Из-за сильной боли в ноге с трудом снял унт. Брюки пришлось разрезать. На голени - рваная рана. Перевязал, кое-как надел унт и - в путь.

Шел всю ночь. Горела голова. Мучила жажда. Пытался утолить ее снегом, но не мог открыть распухший рот.

Временами во тьме светились зеленые парные огоньки. Это бежали волки. Алексей разряжал пистолет. Хищники с воем исчезали.

Налегая на палки, он шел все дальше, на восток.

На рассвете увидел группу лыжников. "Кто они? А вдруг фашисты? Нет, лучше молчать". - решил Шведов. Неизвестные, обогнув сопку, скрылись. Прошло два дня. Алексей медленно продвигался, часто останавливаясь и просматривая местность. По-прежнему болела голова и жгла рана на ноте.

Ночью налетела непогода. Вначале подул легкий ветер, затем усилился, и, крутясь, понеслась поземка. Потом разразилась пурга, воющая, свистящая. В лицо, как иглы, бросало колючий снег.

Идти невозможно. Шведов с трудом нашел укрытие, забрался, надеясь переждать пургу. Усталость и сон валили с ног. Хотелось лечь прямо в снег и спать, спать...

Летчик боролся как мог, даже не сел. Он стоял, прижавшись к скале, и все время повторял: "Не засыпай! Не засыпай! Глаза закрыть можно, а спать нельзя! Нельзя".

И вдруг заговорил другой голос:

"Почему нельзя? Можно! Только не садись, а спи стоя. Да, стоя... Если крепко заснешь, упадешь и проснешься..."

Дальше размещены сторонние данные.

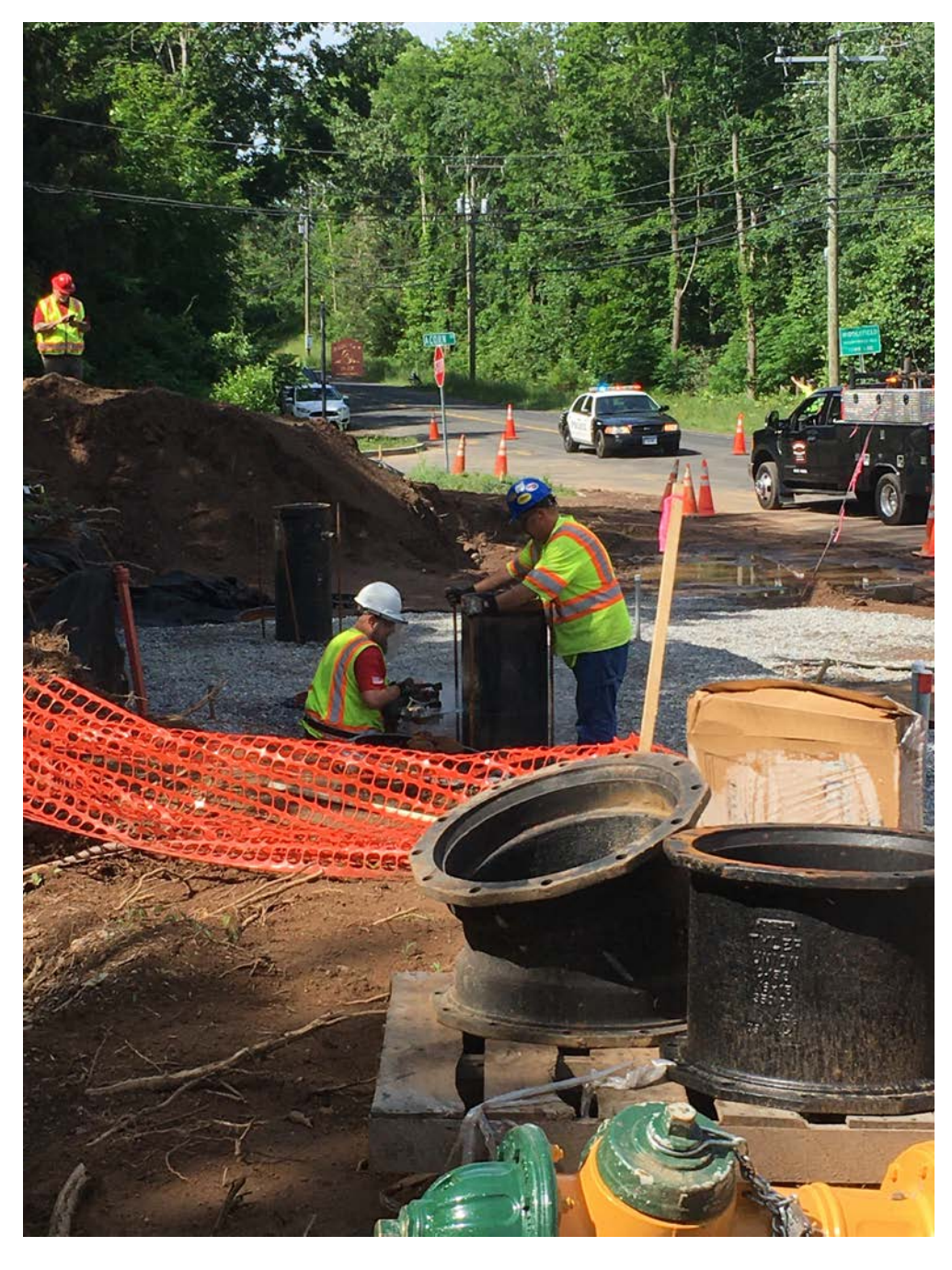
Picture 7: Facing south. United Concrete shortening piping to align with meter house piping.

Contractor: Ludlow Construction Page: 9 of 15

Алексей забылся. И вдруг острая боль словно током прошла по телу и вернула к действительности. Чудовищным напряжением воли он заставил себя встать на лыжи и пойти.

Минул день, и наступила третья ночь. Шведов все шел и шел...

В полночь до него донесся далекий неясный шум.

Неужели опять пурга? Однако ветра не было. Не вихрилась под ногами и поземка - предвестница непогоды. Шум все усиливался. Оказалось - олени. Их темные силуэты с ветвистыми рогами пронеслись вблизи и свернули за сопку. Эхо доносило сильный храп животных.

Алексей долго стоял на горе, пистолет наготове; он ждал серых хищников, от которых уходили олени. Но волки не появлялись.

Так осталась позади еще одна ночь. Мучил голод. Остатки шоколада Алексей с трудом пропихивал в рот.

Силы истощались. Он все чаще отдыхал. Спал стоя.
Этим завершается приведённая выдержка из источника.